Bloatware is starting to creep onto Windows 8 systems, but the apps on the W510 are more useful than not. These include Acer Explorer, a portal for users to discover apps and get tutorials and support from Acer. Also here is Evernote, Kindle, Skitch, 7digital (a music app), ChaCha, Netflix, iCookbook, TuneIn, StumbleUpon, SocialJogger, newsXpresso and Skype.
While its name may suggest cloud storage and/or backup, the AcerCloud app lets you remotely access content stored on the W510 from another PC or Android device. You can access music, photos, videos and files even if the W510 is in sleep mode.
Our review configuration of the Acer W510-1422 costs $749, and has a 1.5-GHz Intel Atom Z2760 with 2GB of RAM, a 64GB SSD and a keyboard dock. The starting configuration (W510-1674; $499) has the same processor and RAM, but a 32GB SSD and no keyboard dock. A $599 version (W510-1666) increases the storage to 64GB, but does not include the keyboard. Finally, a $799 version (W510P) has the same configuration as our review unit, but comes with Windows 8 Professional and a two-year warranty.

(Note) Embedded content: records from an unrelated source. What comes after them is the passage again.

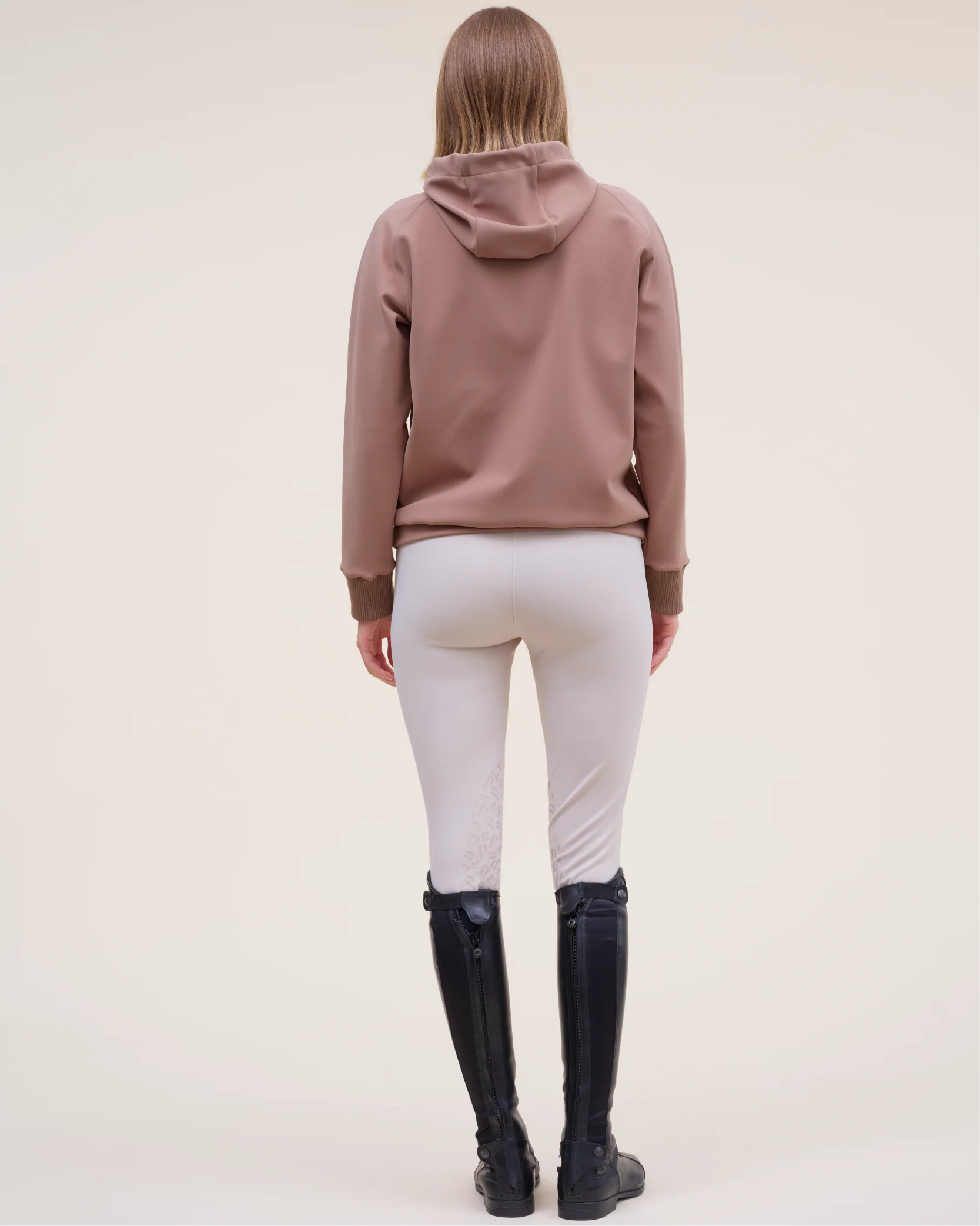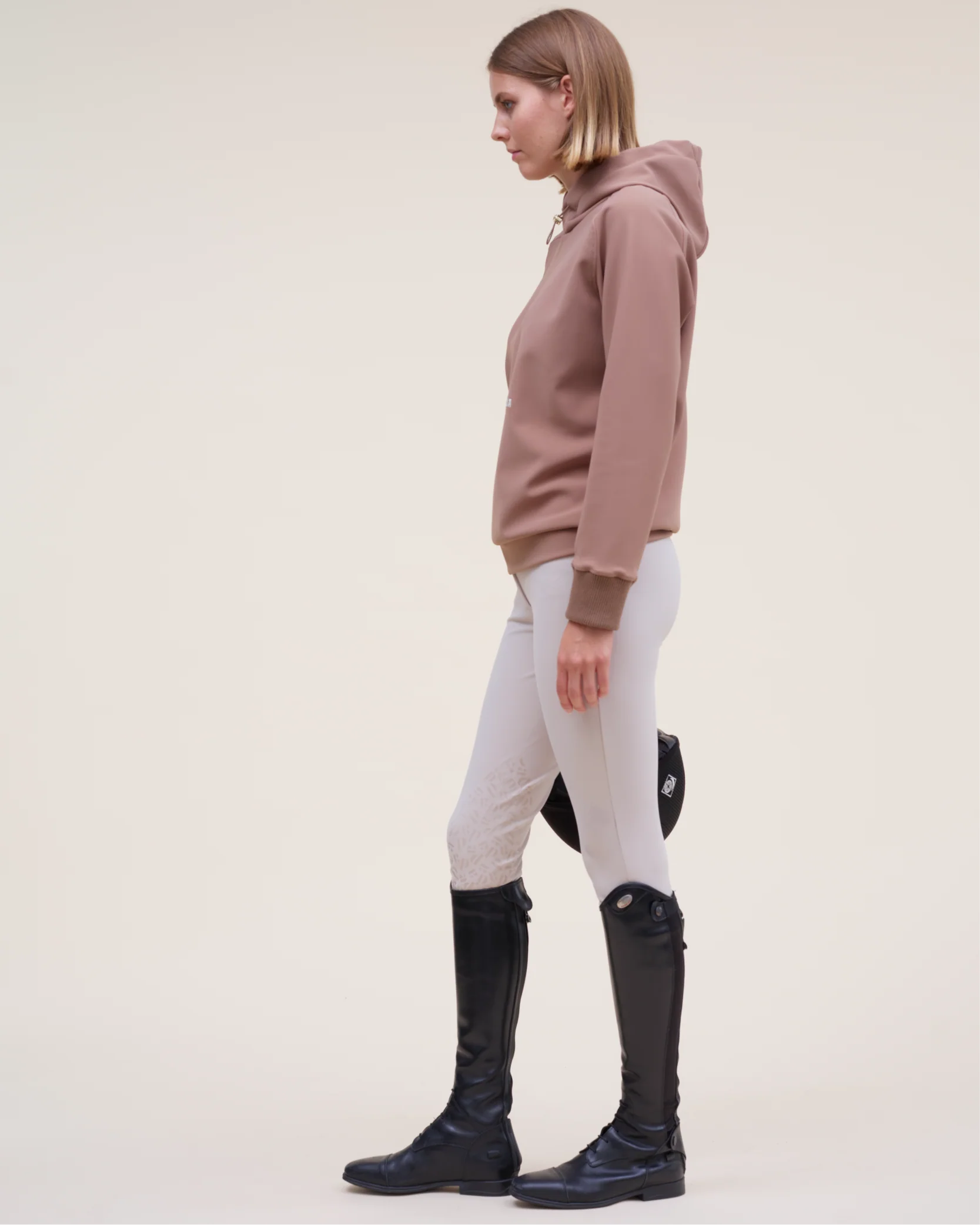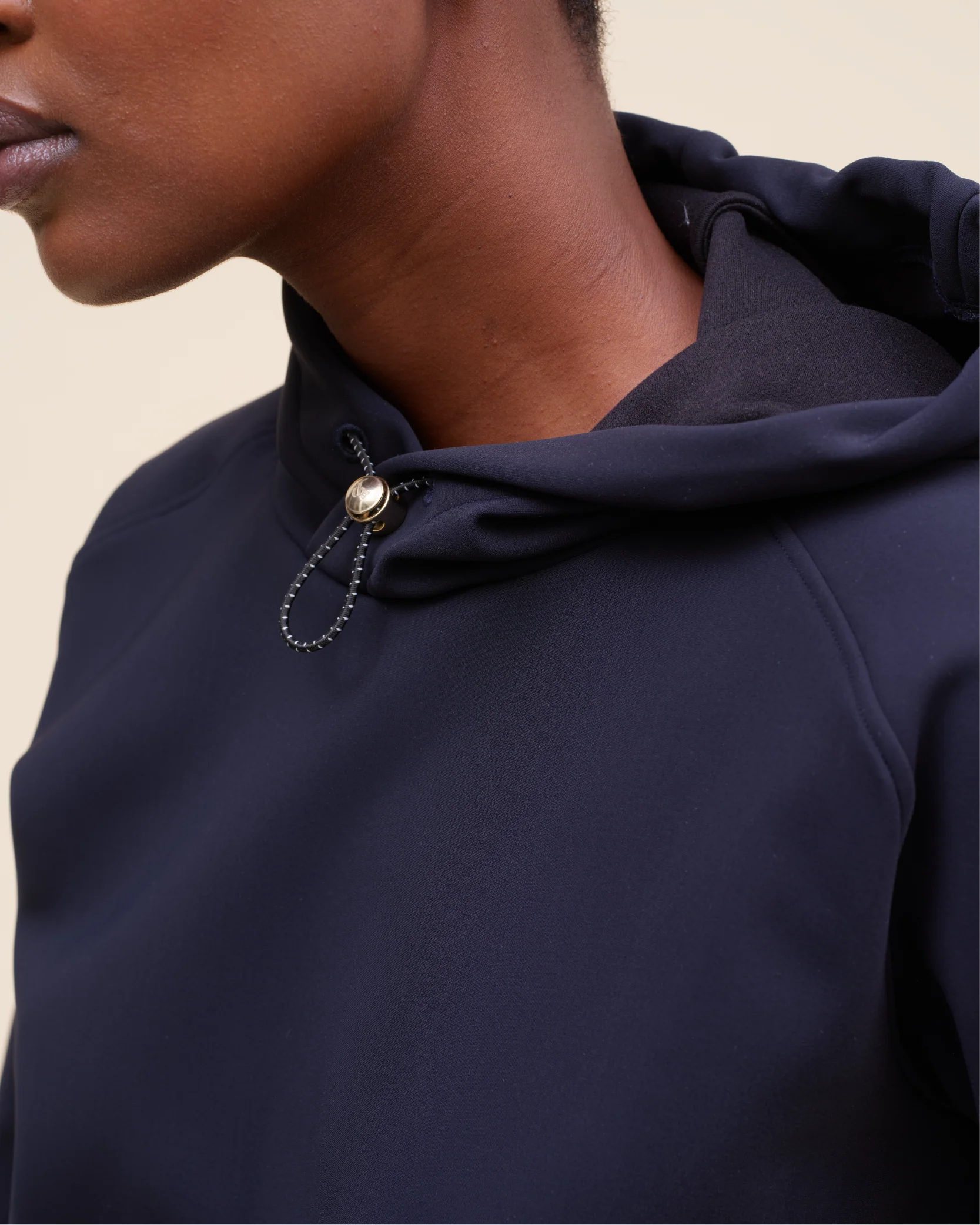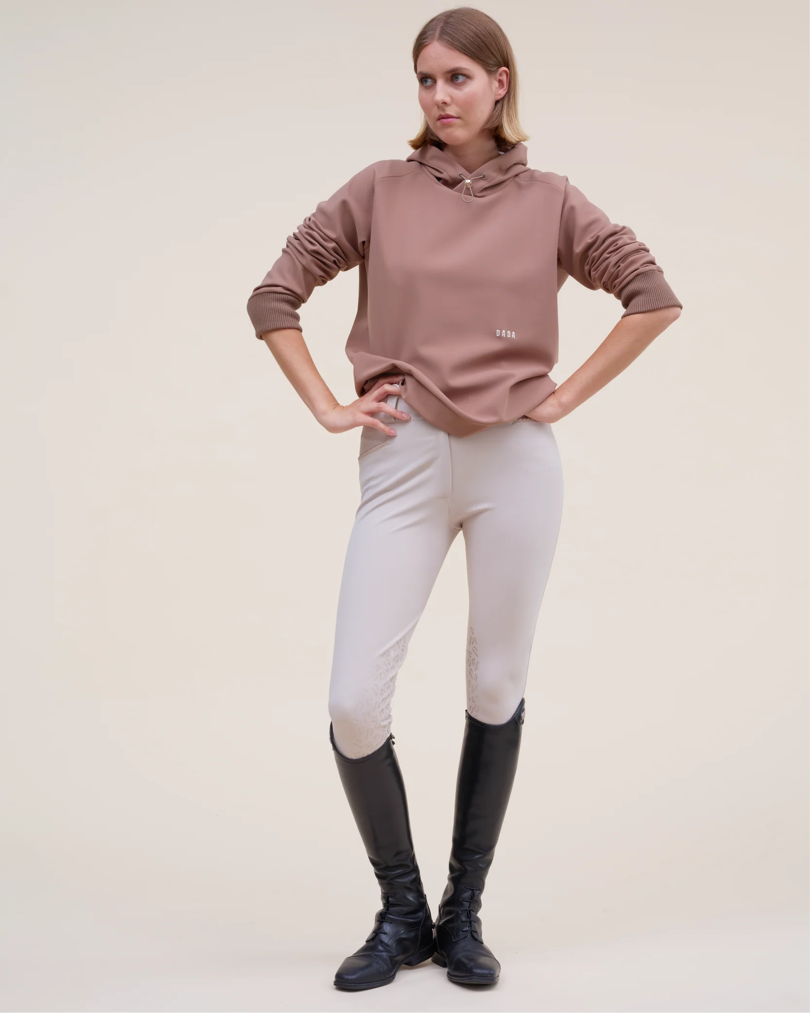 Careful tailoring, classic cut and soft, technical material make this sweatshirt a must-have in the DADA collection. We designed this loose sweatshirt to offer maximum comfort. On the practical side, the hood is adjustable thanks to a tone-on-tone elastic cord, speckled ecru, and tightened by a light gold metal stopper. The choice of colors makes it very easy to combine with the Big Ali jogging.
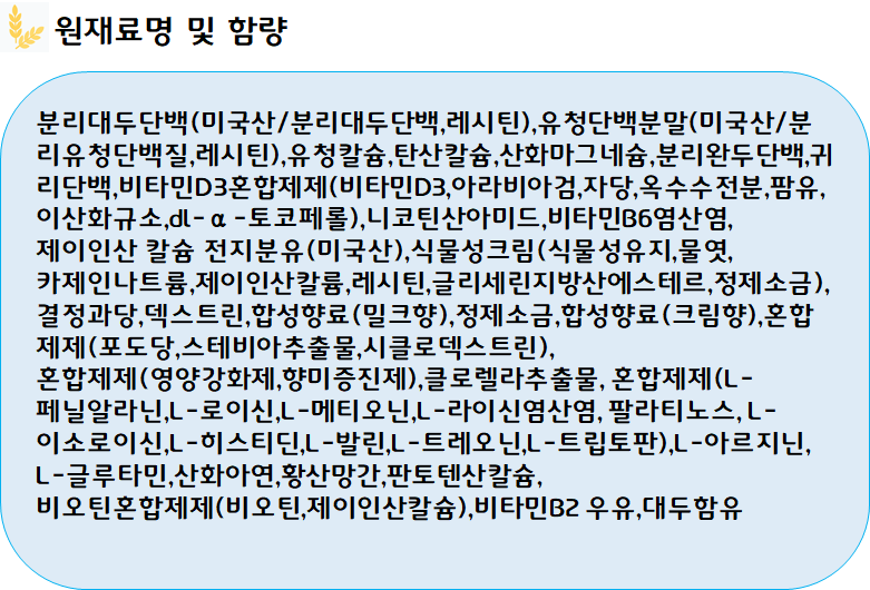 프리미엄 단백질로 성분의 효능은 다음과 같습니다.
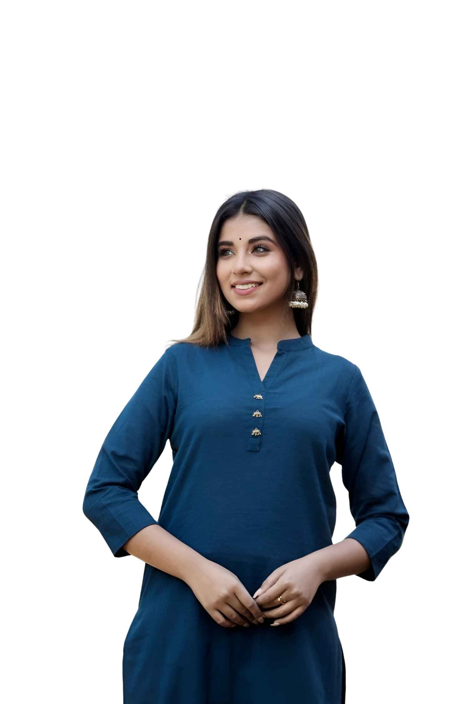 Vireli Vesper isn’t just fabric; it’s the embodiment of twilight. A kurti that wraps you in the cool calm of the night, where the last whispers of sunset meet the stillness of the desert night.
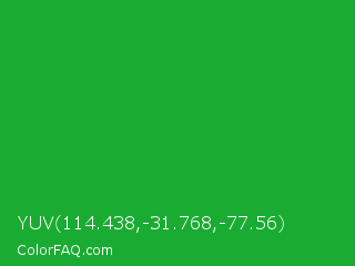 YUV 114.438,-31.768,-77.56 Color is a normal green color and the nearest color is Wageningen Green #34b233. Hex code #1aac32 and RGB value is rgb(26,172,50). In RGB color space, this color is composed of 10% red, 67% green, 20% blue, In CMYK color space, this color is composed of 85% cyan, 0% magenta, 71% yellow , 33% black , In HSL color space, this color has a hue angle of 130° , 74% saturation and 39% lightness.
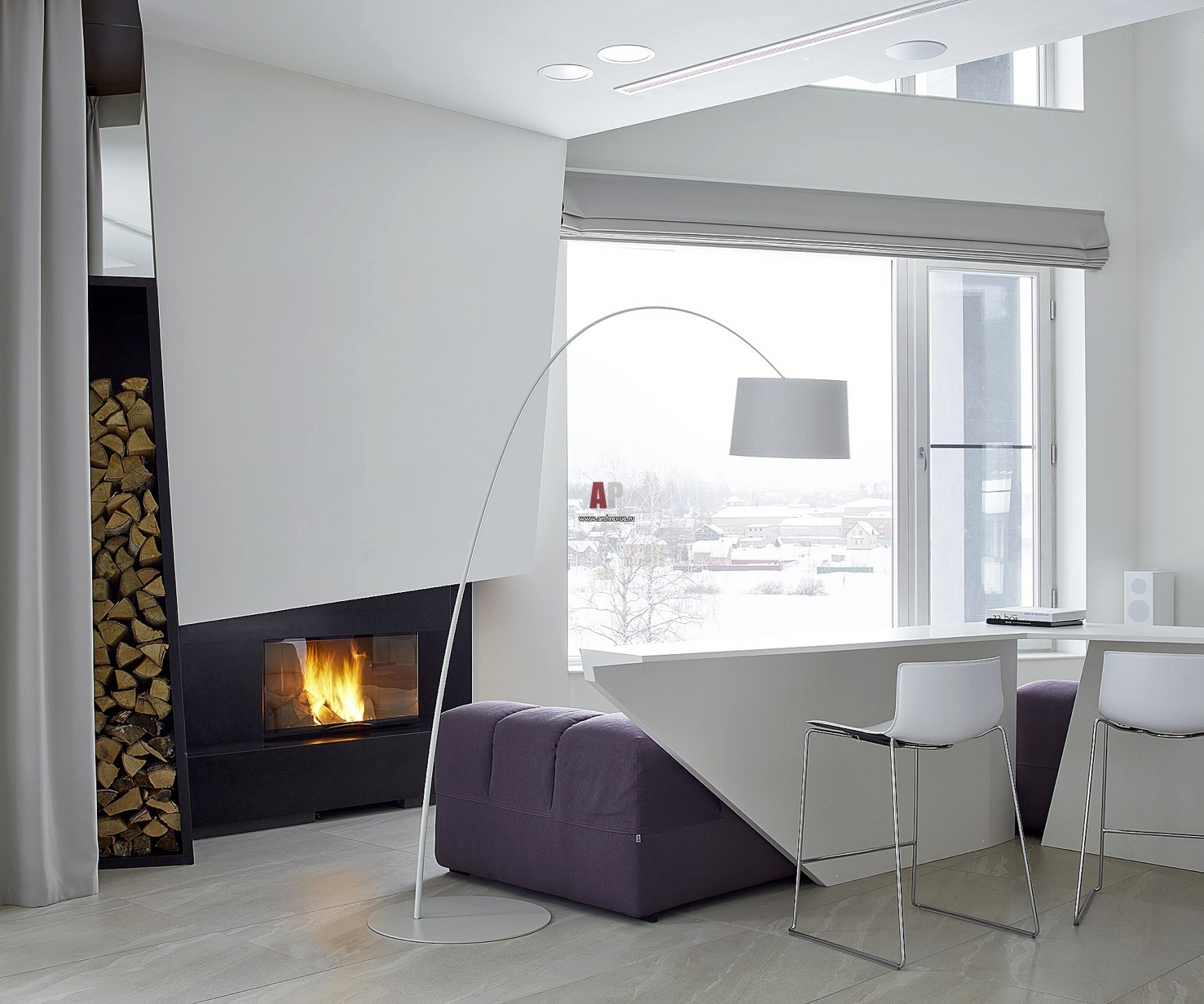 Интерьер гостиной с камином. Дровница, топка, дымоход выполнены как единый объем. Основной материал: металл, выкрашенный огнеупорной краской в белый цвет.

The Acer Iconia W510 is a fairly attractive tablet that can double as a notebook, offering a design that makes it easy to change modes, plus a comfortable keyboard and very long battery life. The fact that you can get more than 15 hours of endurance with the keyboard dock alone will cause some to look this Acer's way. The W510 also has a leg up on the Microsoft Surface RT and Vivo Tab RT in that it can run traditional desktop programs.
However, for $749, you're getting netbooklike performance. Depending on the tasks you perform on a daily basis, the W510 might not be powerful enough to be your everyday PC. Those looking for a larger display may want to step up to the 11-inch HP Envy x2 ($849), which is also Atom-powered, but is more of a laptop than a tablet because of its size. But if you like the idea of owning a lightweight Windows 8-powered hybrid that can run desktop programs as well as apps downloaded from the Windows 8 store, the W510 is a solid choice.